Two BulletShares ETFs are seeing sizable flows as investors look for opportunities in the front end of the yield curve.
Many investors staying within the short to intermediate part of the curve, opting for balanced fixed income exposure as opposed to making big bets. Jason Bloom, Invesco’s head of fixed income and alternatives ETF Product Strategy, told VettaFi the front end of the curve is more favorable from a risk/reward perspective.
Longer durations offer little term premium when the yield curve is inverted. The back end of the curve currently means taking on more duration risk without being rewarded with meaningfully higher yields.
The $1.1 billion Invesco BulletShares 2025 High Yield Corporate Bond ETF (BSJP) has seen $350 million in one-week flows and $440 million in four-week flows. Year to date, BSJP has accreted $507 million in net flows.
Meanwhile, the $2 billion Invesco BulletShares 2026 Corporate Bond ETF (BSCQ) has taken in $37 million in one-week flows and $66 million in four-week flows.

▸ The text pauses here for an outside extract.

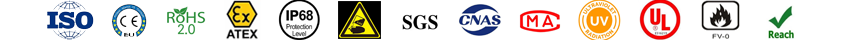 公司取得ISO9001:2015、CE、ROHS2.0、Reach、IEC、UL、IP68、DIN5510、低煙無鹵測試、低溫測試、阻燃測試、老化試驗、耐腐蝕、ATEX等認證。正在申請CCC、CQC、MDD認證、PED認證(2014/68/EU)、APIQ1等認證。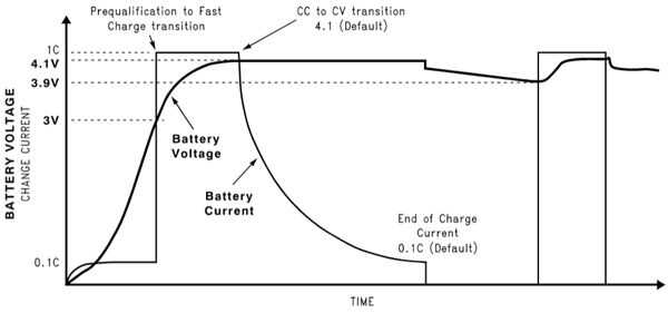Carga de relleno. Dependiendo del cargador y de la autodescarga de la batería, una carga de relleno se puede implementar una vez cada 500 horas o 20 días. Típicamente, la carga entra en acción cuando el voltaje terminal abierto cae a 4.05V celular y da vuelta apagado al llegar a 4.20V / celular otra vez.

The fund has garnered $464 million year to date.
Why Invest in BulletShares ETFs Instead of Individual Bonds?
BulletShares ETFs offer the potential for monthly income and a cash distribution at the fund’s expected termination. BulletShares ETFs hold several potential advantages over a ladder of individual bonds for customized fixed income investing.

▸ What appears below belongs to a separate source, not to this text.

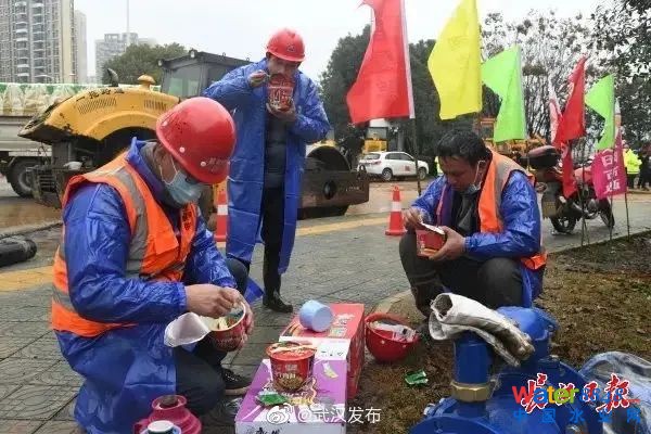 在武漢小湯山模式醫(yī)院建設(shè)現(xiàn)場,一群施工者們正在吃著方便面做午餐。

The BulletShares ETFs may offer greater control, diversification, and improved liquidity than a ladder of individual bonds. Bond portfolios tend to require a higher number of securities to maintain ideal diversification, which can be fairly cumbersome and time-consuming to trade, according to Invesco.
The flexibility component of BulletShares ETFs comes down to the scalability of the fund suite. Advisors can give their clients the same investment exposure at the exact same cost regardless of their size. This is very difficult to achieve using individual bonds, according to Invesco.